Inside Shirofune’s AI-Driven Ad Automation: CEO Mitsunaga Kikuchi on Optimizing ROAS & LTV Across Channels

advertising 15 Jul 2025

1. What criteria are most critical for your enterprise when considering a transition to a new ad management solution (e.g., automation capabilities, cross-platform integration, AI-driven optimization)?

With the rise of machine learning and AI-driven ad campaigns, like Google's Performance Max and Meta’s Advantage+ shopping campaigns, much of the campaign optimization is handed over to algorithms. As such, marketers and advertisers may lose direct control over individual ad placements, and targeting decisions, with the platforms recommending or even automating many key aspects.

As a result, many marketers feel like they’re working within a “black box” because they don't have full transparency into how these platforms make decisions about ad delivery, budget allocation, audience targeting, and performance measurement—limiting their ability to make fully informed optimizations. 

That is an important reason why advertisers should consider using a digital advertising platform - as these platforms can offer more transparency.

That is the major premise behind Shirofune, a company I founded in 2014. Shirofune, offers a transformative approach to automated advertising management, blending traditional campaigns with AI-driven ones – providing a far more comprehensive perspective, not to mention transparency, allowing marketers to analyze and understand how different channels contribute to overall performance.

For example, I programmed Shirofune to automatically handle budgeting, and bidding, and even to provide suggestions and explanations for why performance is either getting better or worse, just like an actual human expert.


The Shirofune platform is designed to function like a professional agency ad manager, automating key operational tasks while delivering improved campaign performance.
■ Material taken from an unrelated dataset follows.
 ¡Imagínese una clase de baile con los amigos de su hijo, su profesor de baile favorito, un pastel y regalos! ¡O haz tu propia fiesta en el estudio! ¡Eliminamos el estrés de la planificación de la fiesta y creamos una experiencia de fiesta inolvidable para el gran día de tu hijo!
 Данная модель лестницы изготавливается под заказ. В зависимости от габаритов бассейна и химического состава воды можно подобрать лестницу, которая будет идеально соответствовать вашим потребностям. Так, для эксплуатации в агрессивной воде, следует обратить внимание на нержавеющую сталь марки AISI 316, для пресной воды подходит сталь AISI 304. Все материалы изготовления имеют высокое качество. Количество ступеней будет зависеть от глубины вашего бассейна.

Its AI-powered optimization engine dynamically adjusts budgets, bids, and strategies across platforms, giving marketers more time to focus on strategy rather than execution.

 

What customers are saying about Shirofune:

One of our clients, a major brand, told us they wanted to have a more programmatic approach to their advertising.
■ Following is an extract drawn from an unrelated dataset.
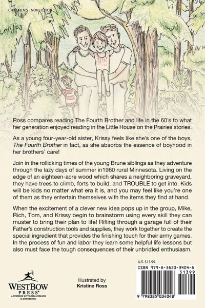 Ross compares reading The Fourth Brother and life in the 60's to what her generation enjoyed reading in the Little House on the Prairies stories. As a young four-year-old sister, Krissy feels like she's one of the boys, The Fourth Brother in fact, as she absorbs the essence of boyhood in her brothers' care! Join in the rollicking times of the young Brune siblings as they adventure through the lazy days of summer in1960 rural Minnesota. Living on the edge of an eighteen-acre wood which shares a neighboring graveyard, they have trees to climb, forts to build, and TROUBLE to get into. Kids will be kids no matter what era it is, and you may feel like you're one of them as they entertain themselves with the items they find at hand. When the excitement of a clever new idea pops up in the group, Mike, Rich, Tom, and Krissy begin to brainstorm using every skill they can muster to bring their plan to life! Rifling through a garage full of their Father's construction tools and supplies, they work together to create the special ingredient that provides the finishing touch for their army games. In the process of fun and labor they learn some helpful life lessons but also must face the tough consequences of their unbridled enthusiasm.
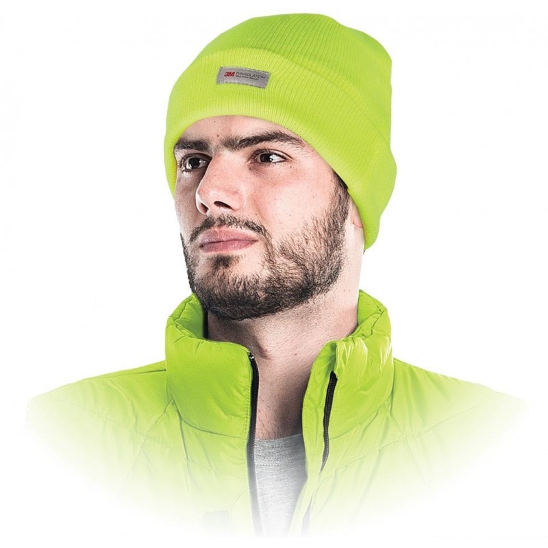 Czapka zimowa dziana w kolorze fluorescencyjnym.

For example, when it came to budgeting, our customer told us that they used to have to create extra side reports to see if budgets were on or off target – and they just didn't have a holistic approach to navigating the spending.

Rather than relying on manual adjustments, Shirofune continuously analyzed performance across multiple data points — including ROAS, CPC, CVR, and volume — to identify statistically relevant trends. Now, underperforming ads or targeting settings can be automatically deprioritized within days, not weeks. Budget and bid modifiers are adjusted in real-time based on actual results, allowing the team to test, learn, and shift strategies with speed and precision — all without the delay of manual reporting cycles. 

Shirofune has also empowered clients like Yamazen Corporation and Newegg Commerce to achieve measurable business growth. For Yamazen, Shirofune's automation capabilities resulted in a 30% increase in ad-driven sales and an 18% improvement in ROAS within two months. Similarly, Newegg Commerce saw an 18% increase in clicks and a 10% improvement in ROAS, demonstrating the platform's ability to dynamically optimize campaigns during high-converting periods.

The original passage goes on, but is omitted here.